Description of the task: Reproduce all entries below verbatim. Skip the pictures.

##### Dataset entries

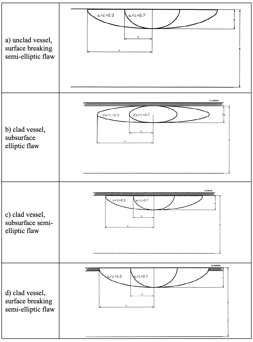 When there is cladding, two types of cracks are modeled: Illustration c) in Fig. 4 represents a crack under the cladding, and illustration d) in Fig. 4 shows a crack on the surface. In the regulatory code, such a crack is designated “surface crack” (as shown in illustrations a) and d) in Fig. 4).
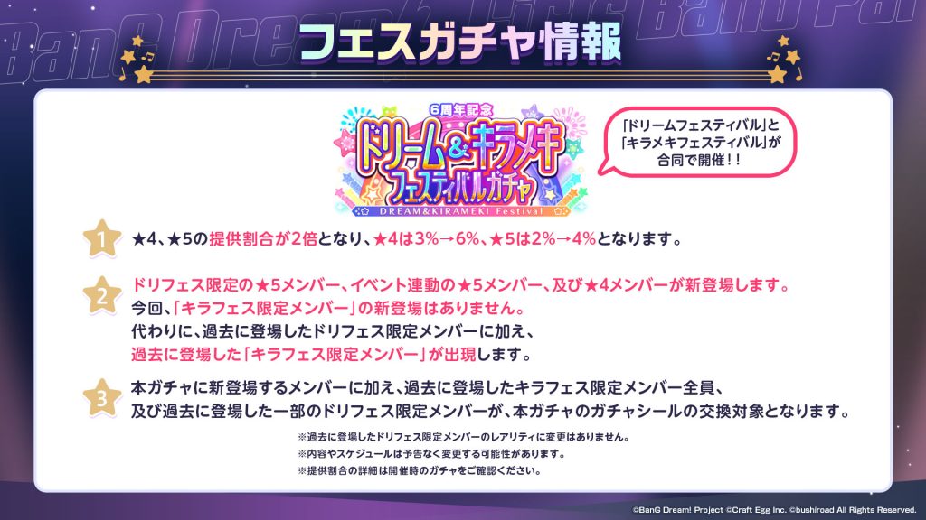 3月16日(木)の6周年を前に、過去に登場した「キラフェス限定メンバー」が再登場するガチャの開催なども考えましたが、提供割合の変化などを考慮すると公平性を保った提供が難しいため、3月16日の合同開催が一番みなさんにとって良い形であると判断しました。
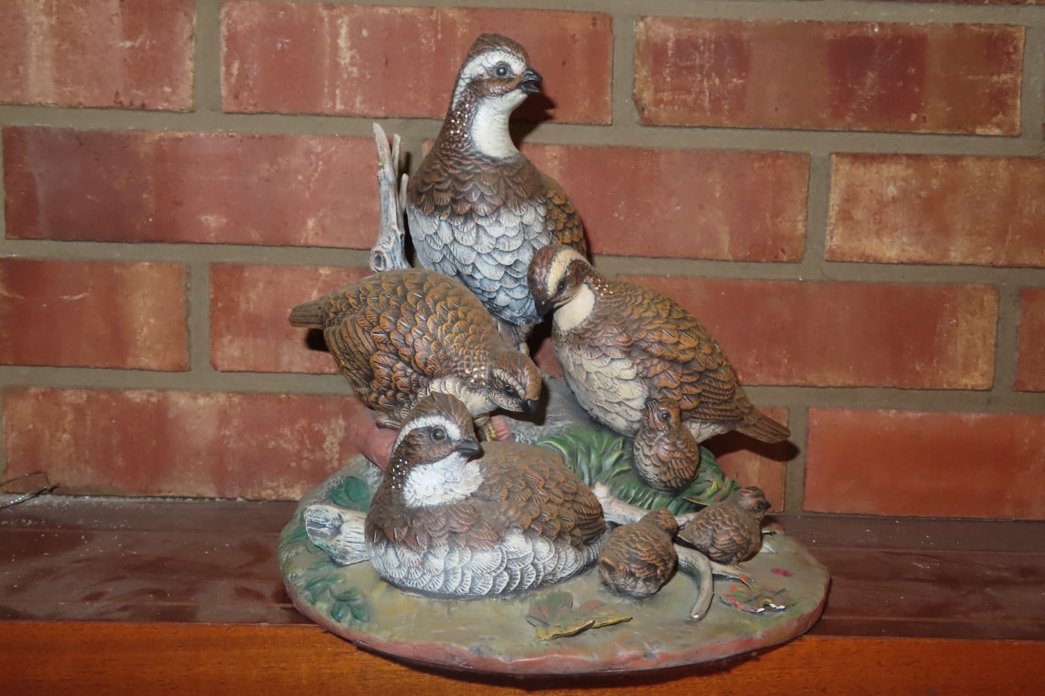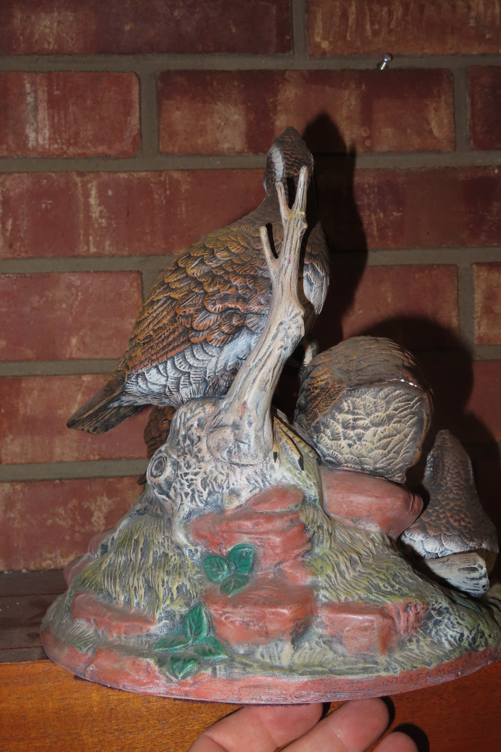 CERAMIC SCENE WITH BOB WHITE QUAIL DISPLAY CREST MOLD INC 1983
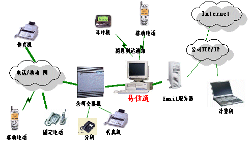 易信通可代替:語(yǔ)音信箱、自動(dòng)總機(jī)、傳真服務(wù)器。
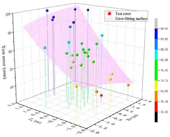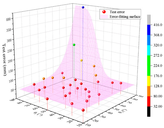 In the figure, the bubble points are the test error of the system when and are taken at different angles, and the pink surface fits the bubble points. The test error decreases gradually as and become smaller, and when and are larger than 50°, the change amplitude of the test error is large, while the variation in the test error is small for less than 50°. Combined with Figure 6 derived from simulation, it can be verified that the system test error is basically consistent with the variation trend of the error propagation coefficient obtained from simulation. The system test error is smaller when and are in the range of 20°–50°, and the system test accuracy is higher with an average test error of 56.17 mm.
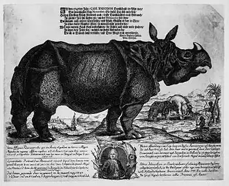 - ^ Rookmaaker, L. C. (1973). "Captive rhinoceroses in Europe from 1500 until 1810" (PDF). Bijdragen tot de Dierkunde. 43 (1): 39–63. doi:10.1163/26660644-04301002.

##########

Answer to the exercise:
 When there is cladding, two types of cracks are modeled: Illustration c) in Fig. 4 represents a crack under the cladding, and illustration d) in Fig. 4 shows a crack on the surface. In the regulatory code, such a crack is designated “surface crack” (as shown in illustrations a) and d) in Fig. 4).
 3月16日(木)の6周年を前に、過去に登場した「キラフェス限定メンバー」が再登場するガチャの開催なども考えましたが、提供割合の変化などを考慮すると公平性を保った提供が難しいため、3月16日の合同開催が一番みなさんにとって良い形であると判断しました。
 CERAMIC SCENE WITH BOB WHITE QUAIL DISPLAY CREST MOLD INC 1983
 易信通可代替:語(yǔ)音信箱、自動(dòng)總機(jī)、傳真服務(wù)器。
 In the figure, the bubble points are the test error of the system when and are taken at different angles, and the pink surface fits the bubble points. The test error decreases gradually as and become smaller, and when and are larger than 50°, the change amplitude of the test error is large, while the variation in the test error is small for less than 50°. Combined with Figure 6 derived from simulation, it can be verified that the system test error is basically consistent with the variation trend of the error propagation coefficient obtained from simulation. The system test error is smaller when and are in the range of 20°–50°, and the system test accuracy is higher with an average test error of 56.17 mm.
 - ^ Rookmaaker, L. C. (1973). "Captive rhinoceroses in Europe from 1500 until 1810" (PDF). Bijdragen tot de Dierkunde. 43 (1): 39–63. doi:10.1163/26660644-04301002.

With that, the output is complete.